| Source material |
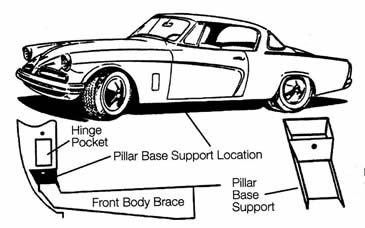 The most critically stressed portion of your Studebaker body is the front pillar base area. This area is usually the most seriously weakened part of your car body, being the first area of the floor to rust out. If the pillar base area has disintegrated, the body brace and pillar wing may be supporting nothing.
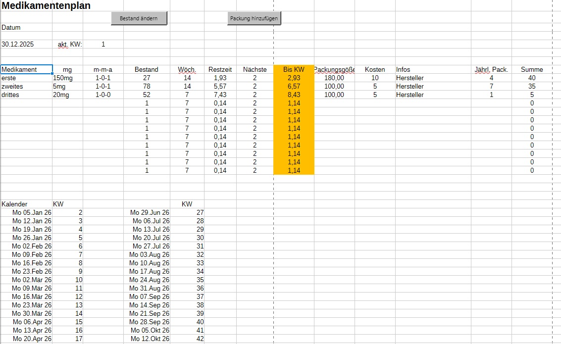 LibreOffice-Version: Medikamentenplan LibreOffice
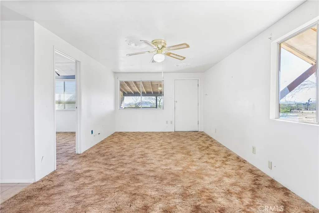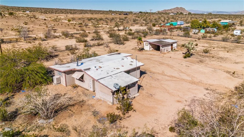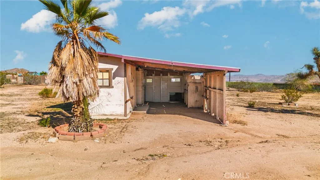Endless potential on 2.5 acres of flat, usable land! Welcome to 55525 Ornelas Ln in Landers! This 1-bedroom, 1-bath home offers approximately 1,085 sq. ft. of living space (965 sq. ft. per assessor) on a spacious 2.5-acre lot. Features include a large bonus room that could be converted into additional bedrooms, a cozy family room, small kitchen with dining area, enclosed porch, and covered front porch. Detached covered carport includes a small office and storage room. All-electric home with public waterno propane needed. Home needs some updating and repairs but offers great potential as a desert getaway or full-time residence. Zoned HV/SD-RES, allowing for single-family use and potential accessory structures. Conveniently located near Joshua Tree and Yucca Valley. Buyer and buyers agent to verify all information, including permits, additions, square footage, zoning, and property use to satisfy themselves.
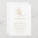 Elegant Botanical Moon and Stars Gold Wedding Invitation
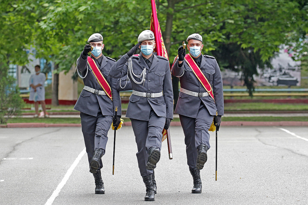 Молодых офицеров приветствовал президент Украины Владимир Зеленский. Правда, дистанционно: речь верховного главнокомандующего прокрутили в записи. Руководитель государства пожелал выпускникам успехов в службе и борьбе с агрессором — Российской Федерацией (так и сказал, честное слово).
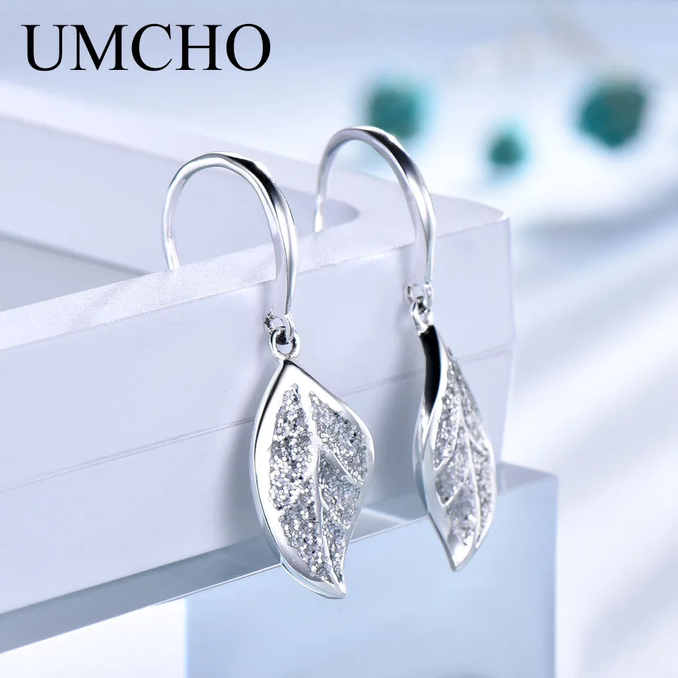 Женские серьги-капельки UMCHO из стерлингового серебра 925 пробы, элегантные романтические серьги в форме листа, модные ювелирные изделия из стерлингового серебра
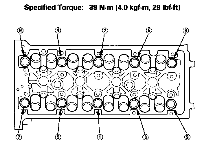 Tighten the cylinder head bolts in sequence 39 Nm (4.0 kgf-m, 29 ft. lbs.)
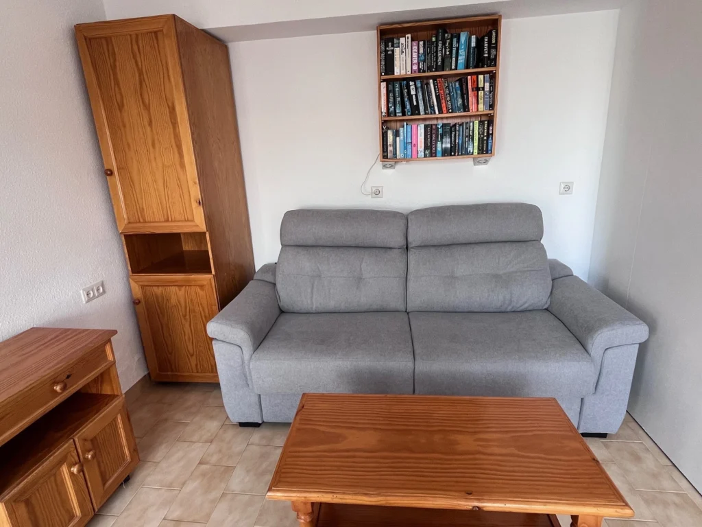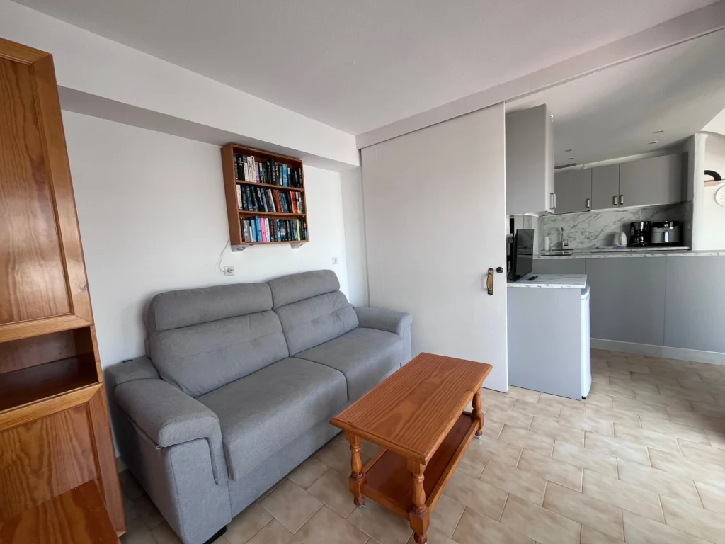 Le coin salon à gauche dispose d'un canapé-lit double et d'une table basse. Celle-ci est séparée de la kitchenette par une porte coulissante.
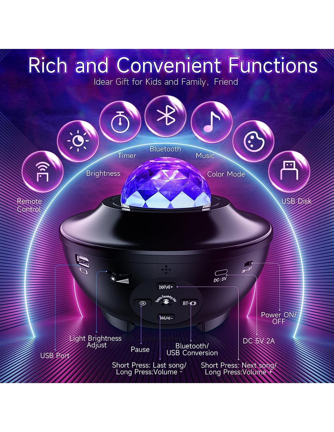 Proiettore Cielo Stellato 10 Modalità Bluetooth Musicale Telecomando Feste Bar
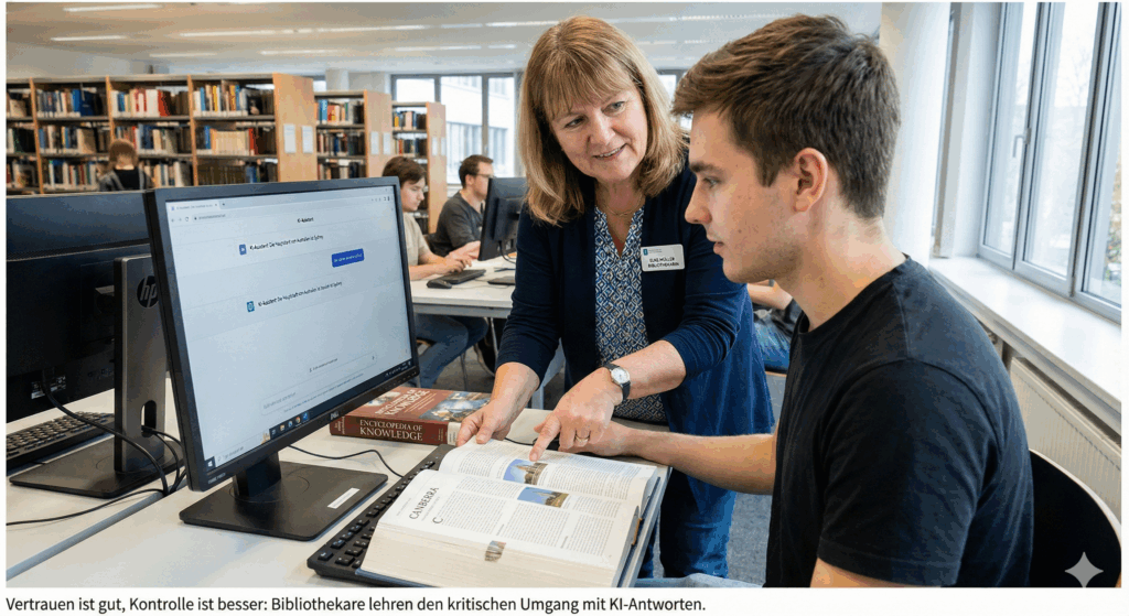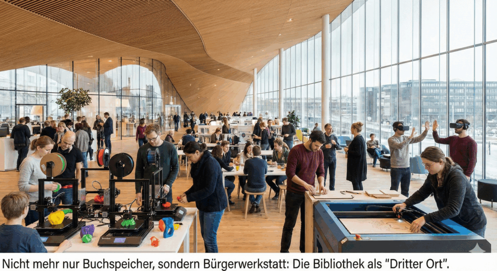 Bibliotheken werden zur “Civic AI Commons” – einem öffentlichen Raum, der Zugang zu teuren Technologien bietet und digitale Mündigkeit lehrt. Bibliothekare werden zu “KI-Navigatoren”, die Bürgern beibringen, wie man Fake News erkennt und KI-Prompts schreibt.
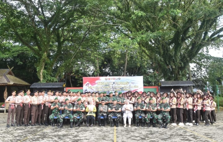 “Kegiatan perkemahan ini bertujuan menanamkan nilai-nilai Pancasila, UUD 1945, NKRI, dan Bhinneka Tunggal Ika, serta membangun mentalitas pemimpin muda yang berintegritas. Materi yang diberikan meliputi pelatihan fisik terstruktur, latihan baris-berbaris, kepemimpinan, wawasan kebangsaan, sejarah perjuangan, dan keterampilan dasar Bela Negara,” tegas Dandim.

| Activity |
Would you copy out, exactly and with no pictures, only the lines above from the one that contains "Молодых офицеров приветствовал" through the one that contains "Le coin salon"?

| Written answer |
 Молодых офицеров приветствовал президент Украины Владимир Зеленский. Правда, дистанционно: речь верховного главнокомандующего прокрутили в записи. Руководитель государства пожелал выпускникам успехов в службе и борьбе с агрессором — Российской Федерацией (так и сказал, честное слово).
 Женские серьги-капельки UMCHO из стерлингового серебра 925 пробы, элегантные романтические серьги в форме листа, модные ювелирные изделия из стерлингового серебра
 Tighten the cylinder head bolts in sequence 39 Nm (4.0 kgf-m, 29 ft. lbs.)
 Le coin salon à gauche dispose d'un canapé-lit double et d'une table basse. Celle-ci est séparée de la kitchenette par une porte coulissante.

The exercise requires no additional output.